Pacto en do sostenido

@franvenezuela · 2025-11-01 07:43 · Freewriters

En la penumbra de aquel hotel de paso, donde las sábanas olían a enfermo y las paredes testimoniaban el nombre de otros visitantes, la guitarra era nuestro único testigo. Yo la empuñaba con dedos que no temblaban por torpeza, sino por el presentimiento de que aquella noche romperíamos algo más que cuerdas.

Ella, mi musa, danzaba al compás de los trémolos, un torbellino de piel y sombras que devoraba la luz verde de la bombilla como un sacramento. Sus risas eran mi afrodisiaco; sus suspiros, el contrapunto perfecto a mis arpegios. En ese cuarto sin nombre, éramos dioses menores: yo, tejiendo hilos de sonido; ella, enredándose en ellos hasta ahogarse.

—Toca esa nota otra vez —exigió, con los ojos entrecerrados y el cuello brillando de sudor—. La que suena a vuelo y a caída.
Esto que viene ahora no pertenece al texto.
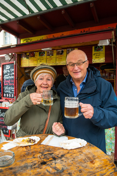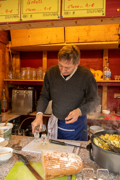 この「フライウング広場ビオ農産物市(Biobauernmarkt Freyung)」は、メインが食べ物屋台なビオマルクト。こちらでも大鍋で何やらおいしそうなものを炒めていたので、「写真一枚撮ってもいい?」と声をかけると、、。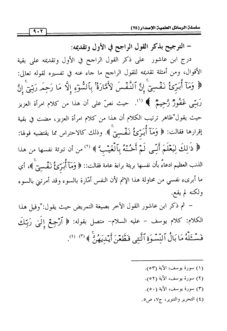 درج ابن عاشور على ذكر القول الراجح في الأول وتقديمه على بقية الأقوال، ومن أمثلة تقديمه للقول الراجح ما جاء عنه في تفسيره لقوله تعالى: {وَمَا أُبَرِّئُ نَفْسِي إِنَّ النَّفْسَ لَأَمَّارَةٌ بِالسُّوءِ إِلَّا مَا رَحِمَ رَبِّي إِنَّ رَبِّي غَفُورٌ رَحِيمٌ} (¬1). حيث نصّ على أن هذا من كلام امرأة العزيز حيث يقول " ظاهر ترتيب الكلام أن هذا من كلام امرأة العزيز، مضت في بقية إقرارها فقالت: {وَمَا أُبَرِّئُ نَفْسِي}. وذلك كالاحتراس مما يقتضيه قولها: {ذَلِكَ لِيَعْلَمَ أَنِّي لَمْ أَخُنْهُ بِالْغَيْبِ} (¬2) من أن تبرئة نفسها من هذا الذنب العظيم ادعاءٌ بأن نفسها بريئة براءة عامة فقالت: : {وَمَا أُبَرِّئُ نَفْسِي}، أي ما أبرئ نفسي من محاولة هذا الإثم لأن النفس أمّارة بالسوء وقد أمرتني بالسوء ولكنه لم يقع.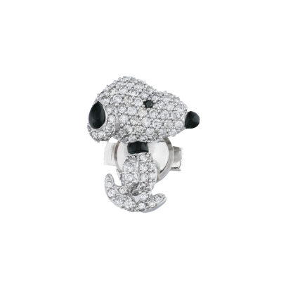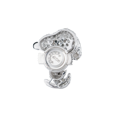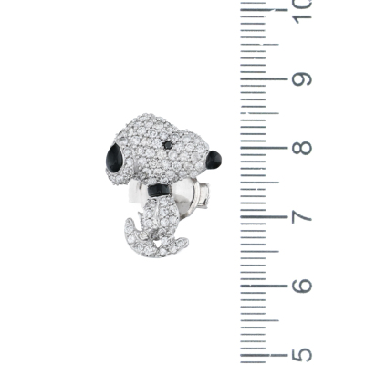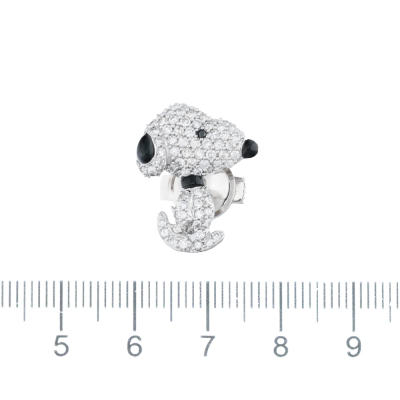 Diamond snoopy design brooch with 1 Black Natural Diamond of 0.01ct and round Natural Diamonds totalling 0.80ct (Estimated grading: G SI) . 18ct white gold. Weight: 4.4g. (Pre-owned)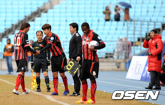 지난 4일 경기서 데얀(왼쪽)이 교체돼 나오는 모습.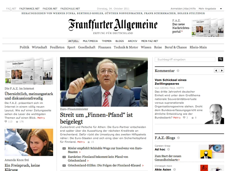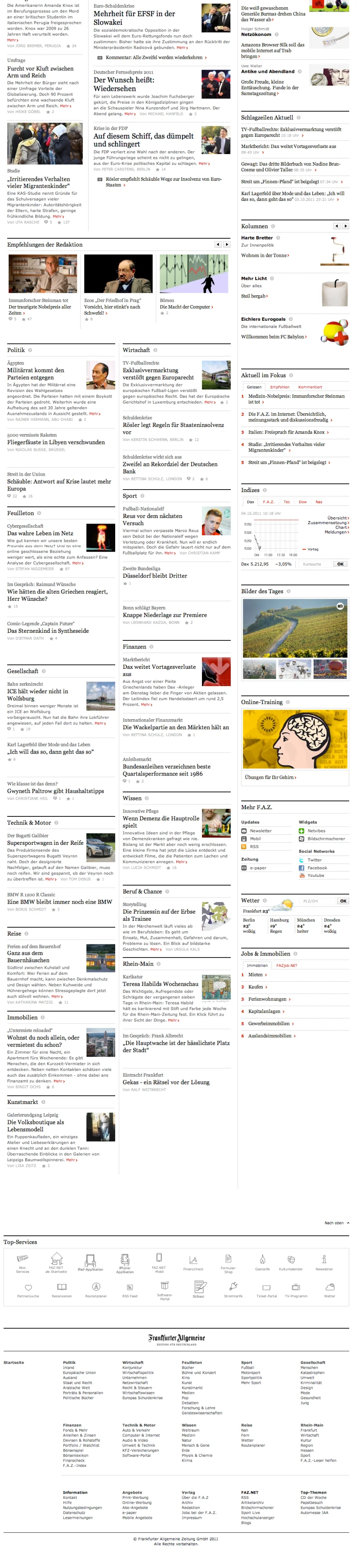 “Die F.A.Z. präsentiert sich im Internet in einem völlig neuen Layout. Wie auf einer Zeitungsseite sehen die Leser die wichtigsten Themen auf einen Blick.”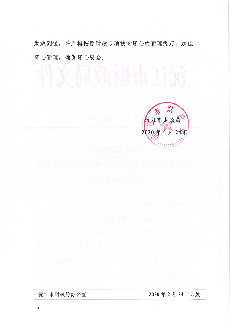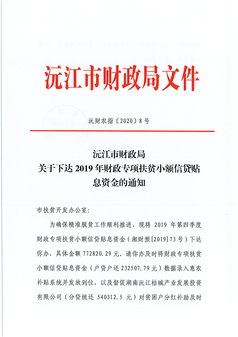 沅江市财政局关于下达2019年财政专项扶贫小额信贷贴息资金的通知 沅财农指[2020]8号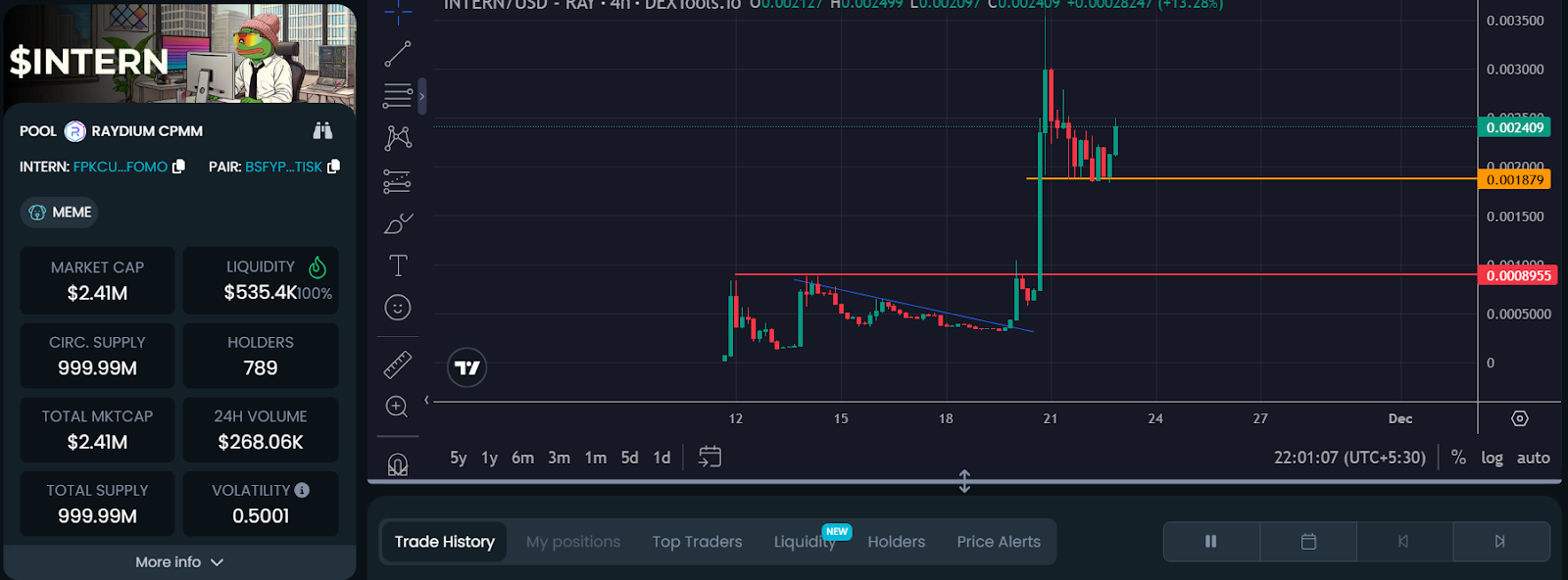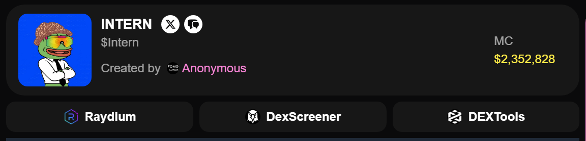 Quando $INTERN è stato lanciato, la sua capitalizzazione di mercato era di $2M, e si dice che miri a $100M!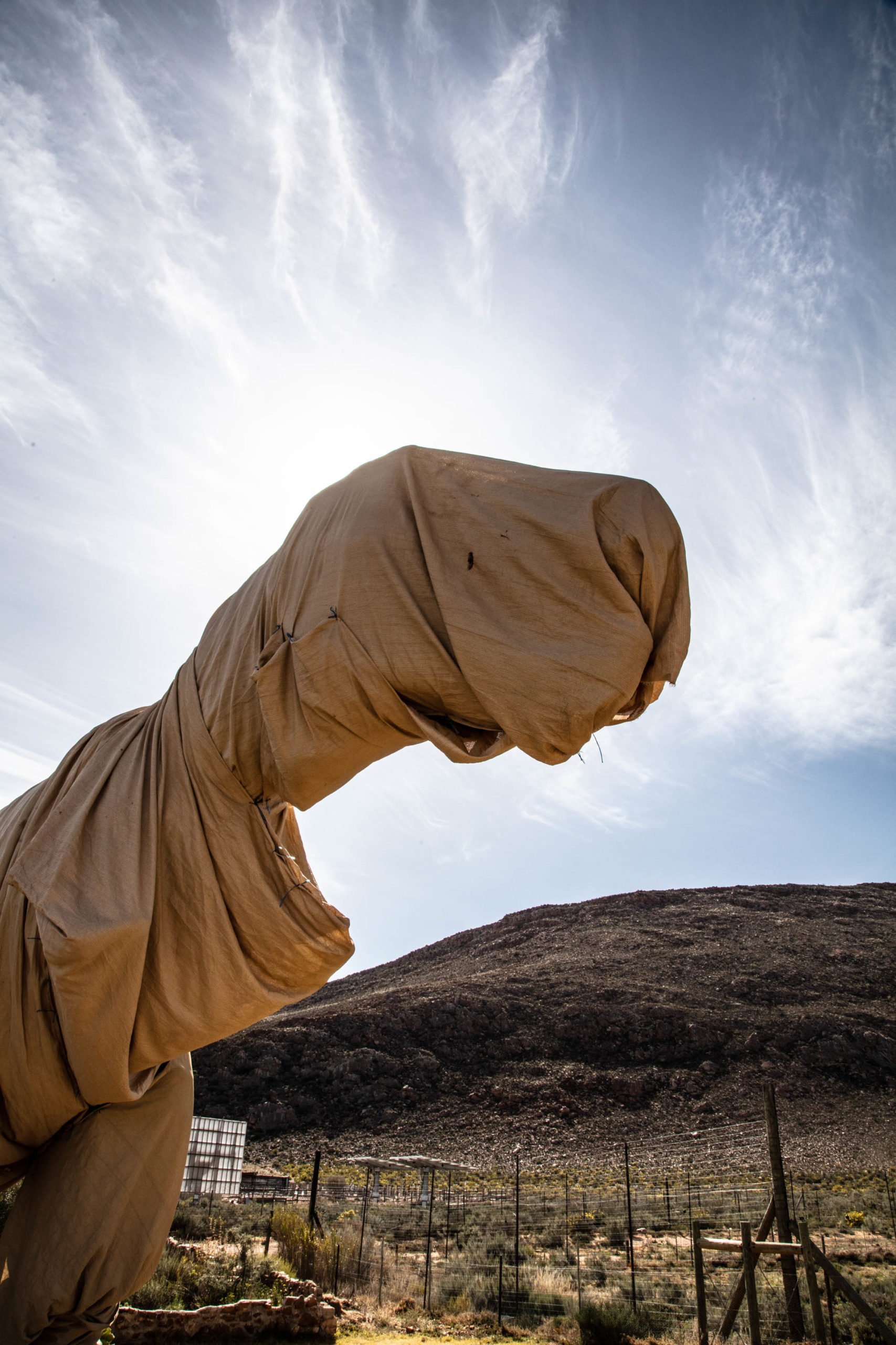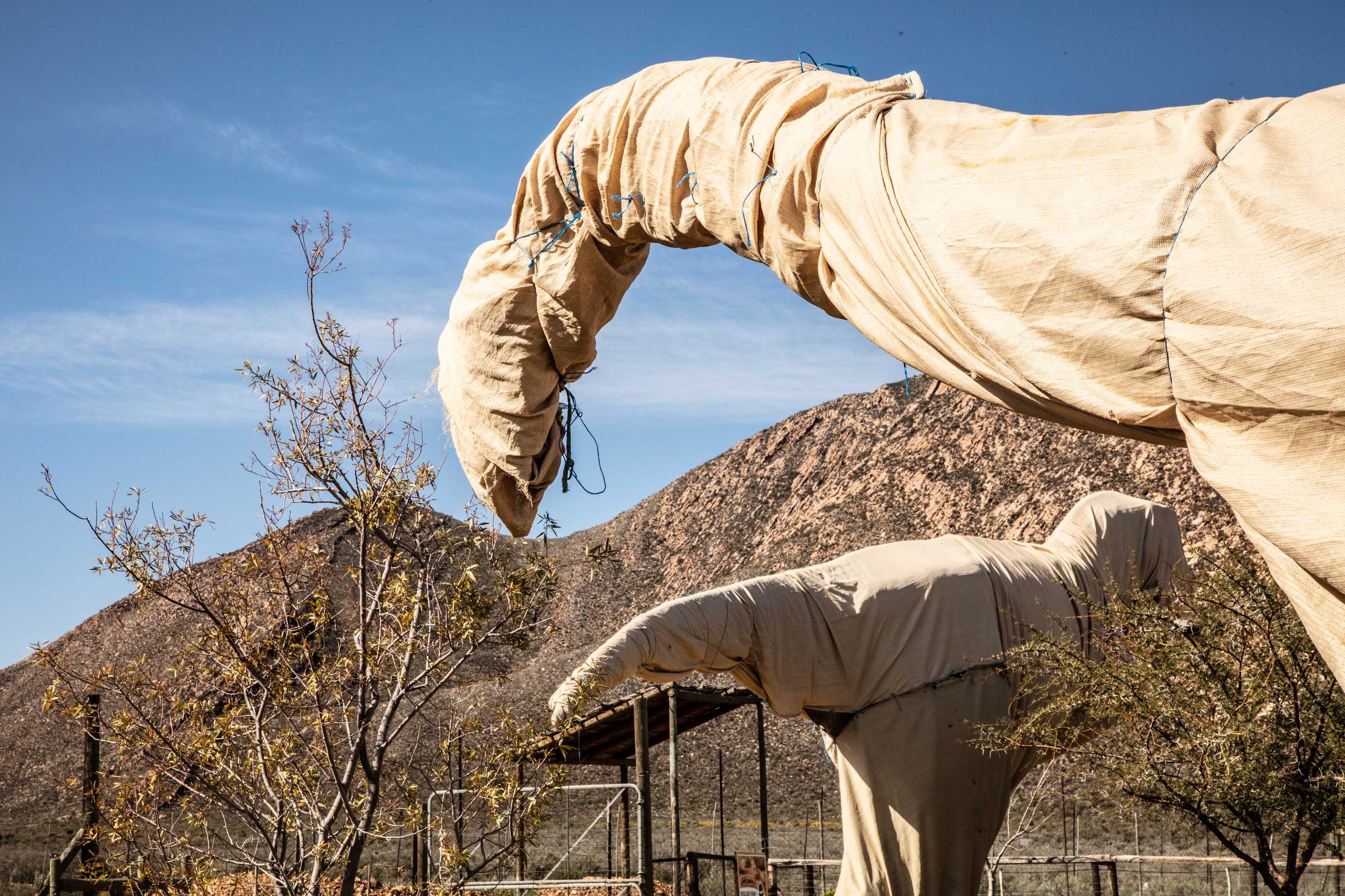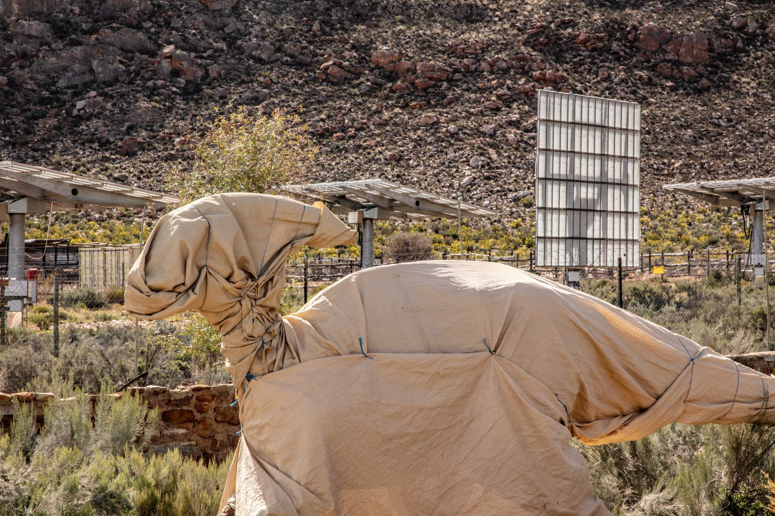 Travelling trans Karoo mid-August, we were suddenly met by a truly unexpected sight. Right across from Aquila Game Reserve’s main entrance there loomed a mixed herd of dinosaurs covered in large, canvas sheets, strolling ghostlike through a valley dappled with solar panels and weather equipment. The whole spectacle seemed like something out of a 1980s Spielberg film. Had this been a misty night, it would have completed the picture perfectly.

Sabía a cuál se refería. El do sostenido de la sexta cuerda, la que mi abuelo, viejo luthier de manos nodosas, había marcado con un capotraste en el mástil. «No la pulses si quieres seguir amando», me advirtió una tarde, mientras limpiaba con aceite de linaza la foto de mi abuela, muerta el día que estrenó su composición. «Es la nota que abre lo que debe estar cerrado».

Pero ella, con esa risa afilada como un traste de acero, desafiaba incluso a los muertos.

—Tu abuelo era un cobarde —dijo, acercándose hasta que su aliento me quemó la mejilla—. Quiero oír lo que mi madre nunca se atrevió a bailar.

El recuerdo me atravesó como una astilla: su madre, cantante de tascas y teatros, ahorcada con el cordón de un vestido de escena. La misma noche que interpretó un aria en do sostenido. Lo supe porque, meses atrás, entre copas de aguardiente, ella me confesó que la música de su sangre llevaba maldición.

«Las mujeres de mi familia volamos demasiado cerca del sol», murmuró entonces. «Y siempre nos quemamos».

Cedí.

El deseo es un tirano que no perdona.

Mis dedos, traidores, se deslizaron sobre el diapasón. La guitarra vibró con una pureza obscena, como si las cuerdas fueran venas abiertas. El sonido ascendió, agudo y despiadado, no como una nota, sino como un grito ahogado en el tiempo. Y entonces, el pacto se cumplió: La cuerda se partió con un chasquido seco.

No fue el metal lo que nos hirió, sino un filo invisible que nos atravesó las palmas al unísono. La sangre brotó en surcos paralelos, la suya, oscura como tinta; la mía, negra y espumosa, y se mezcló en el suelo, dibujando un pentagrama invertido. Ella gimió de éxtasis irreconocible, como si aquel corte fuera el clímax de mujer que buscaba.

Caímos.

Nuestros cuerpos enredados en el mismo charco carmesí. La guitarra yacía astillada, el mástil roto formando una cruz sobre nuestras piernas. En el silencio que siguió, solo quedó el zumbido del do sostenido resonando en mis costillas, como si la nota hubiera anidado en mi esqueleto.

El alba nos encontró en la calle y supe éramos eco y cuerda, artista y obra, condenados a repetir la misma melodía hasta que alguien, en otro cuarto mugriento, decidiera romper el ciclo.